You can get an overview of your queued and running jobs with squeue
[tu_iioba01@login01 ~]$ squeue --user=$USER
JOBID PARTITION NAME USER ST TIME NODES NODELIST(REASON)
75441 compute simple tu_iioba R 0:03 1 node1-083
Let's assume you pulled a Homer and want to stop/kill/remove a running job.
scancel <JobID>
Software
There are several mechanisms how software can be installed on BinAC 2. If you need software that is not installed on BinAC 2, open a ticket and we can find a way to provide the software on the cluster.
Environment Modules
Environment modules is the 'classic' way for providing software on clusters. A module consists of a specific software version and can be loaded. The module system then manipulates the PATH and other environment variables such that the software can be used.
# Show available modules
$ module avail
# Load a module
$ module load bio/samtools/1.21
# Show the module's help
$ module help bio/samtools/1.21
A more detailed description of module environments can be found on this wiki page
Sometimes software packages have so many dependencies or the user wants a combination of tools, so that environment modules cannot be used in a meaningful way. Then other solutions like Conda environments or Singularity containers (see below) can be used.
Conda Environments
Conda environments are a nice possibility for creating custom environments on the cluster, as a majority of the scientific software is available in the meantime as conda packages. BinAC 2 already provides Conda via Miniforge. You can find a general documtation for using Conda on on this wiki page.
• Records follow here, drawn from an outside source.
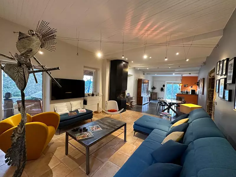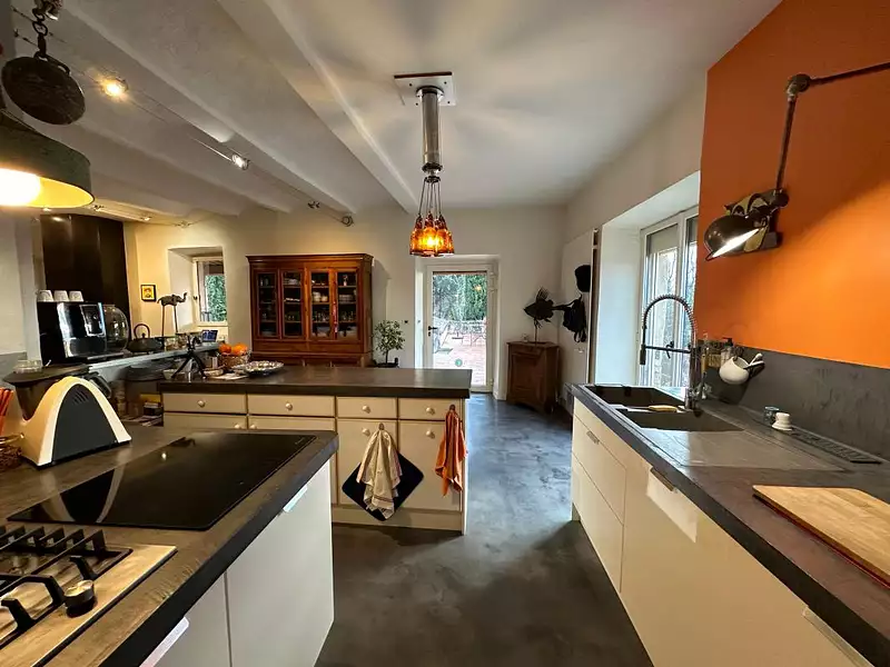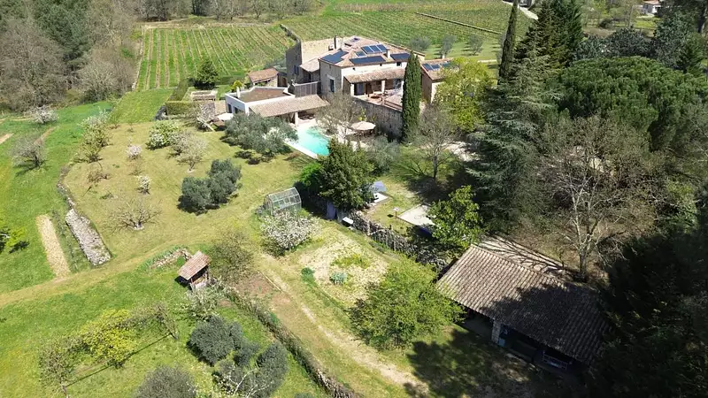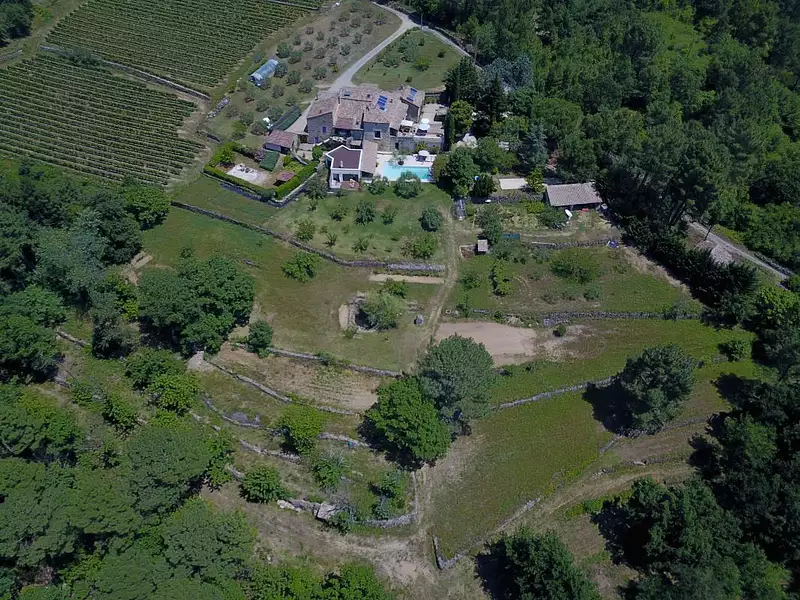 En rdc : Entrée donnant sur une belle cour intérieure, une grande salle voutée d'environ 55 m², une cuisine d'été donnant sur l'espace piscine, une pièce avec SPA, deux grandes chambres indépendantes avec salle d'eau WC, un bureau, une cave - chaufferie - buanderie et un atelier. A l'étage : une grande terrasse, en partie couverte bénéficiant d'une vue panoramique. L'habitation principale propose un grand séjour salon cuisine équipée d'environ 51 m² avec arrière cuisine, 3 chambres dont une avec salle d'eau et WC privatif, une salle d'eau et un WC indépendant. Au deuxième étage : Une chambre avec salle de bain WC, un grand bureau mansardé et une salle de jeux. Le tout sur environ 2.5 Ha de terrain arboré avec grande dépendance d'environ 60 m², Le tout en parfait état.
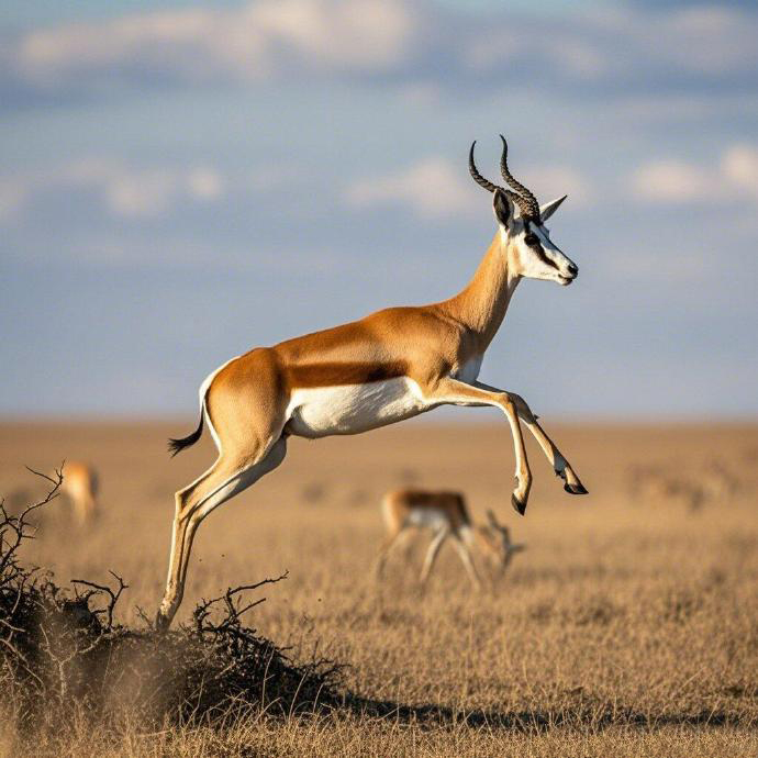 跳羚极其擅长跳跃,堪称非洲草原的“弹跳精灵”,没事就爱跳高高。起跳时其脊背优雅地弓起,四肢向下伸展并紧密靠拢,且能够持续不断地进行跳跃动作,仿若挣脱了地球引力的束缚,轻盈地脱离地面。最绝的当数它的“弹簧腿”:纵身一跃可达3米高、15米远,这般惊人的弹跳力即便与NBA球员相比也毫不逊色,简直是草原上的“活体弹射器”!
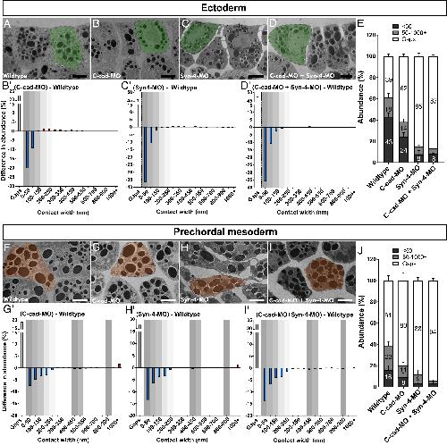 Fig. 4. Knockdown of C-cadherin and Syndecan-4. (A–D and F–I) TEM images of wild-type, C-cad, and Syn-4 morphant ectoderm and prechordal mesoderm. Single cells are highlighted in green or orange. (B′–D′ and G′–I′) Difference spectra for ectoderm and prechordal mesoderm. The Left-most, white column in each graph denotes interstitial gaps. Colored columns indicate changes in abundance, which are statistically significant (P < 0.05) and represent ≥50% changes in morphants compared with wild type (blue, decrease; red, increase). Gray shades highlight positions of recurrent peaks. (E and J) Abundance of narrow and wide contacts and of gaps. Error bars represent SD of the mean. For P values refer to Datasets S2 and S3. (Scale bars: black, 10 μm; white, 15 μm.) Wild type: n = 24 embryos; C-cad-MO: n = 14; Syn-4-MO: n = 10; and C-cad-MO+Syn-4-MO: n = 8. |
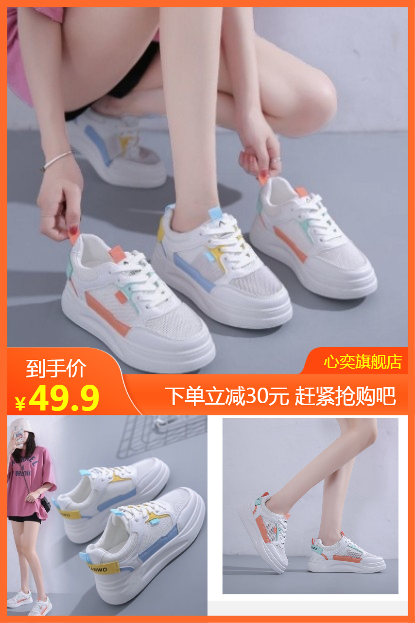 2、(心奕旗舰店)2022新款女鞋厚底小白鞋女板鞋网面透气鞋子夏网面鞋

Apptainer (formerly Singularity)
Sometimes software is also available in a software container format. Apptainer (formerly called Singularity) is installed on all BinAC 2 nodes. You can pull Apptainer containers or Docker images from registries onto BinAC 2 and use them. You can also build new Apptainer containers on your own machine and copy them to BinAC.
Please note that Apptainer containers should be stored in the project
file system.
We configured Apptainer such that containers stored in your home directory do not work.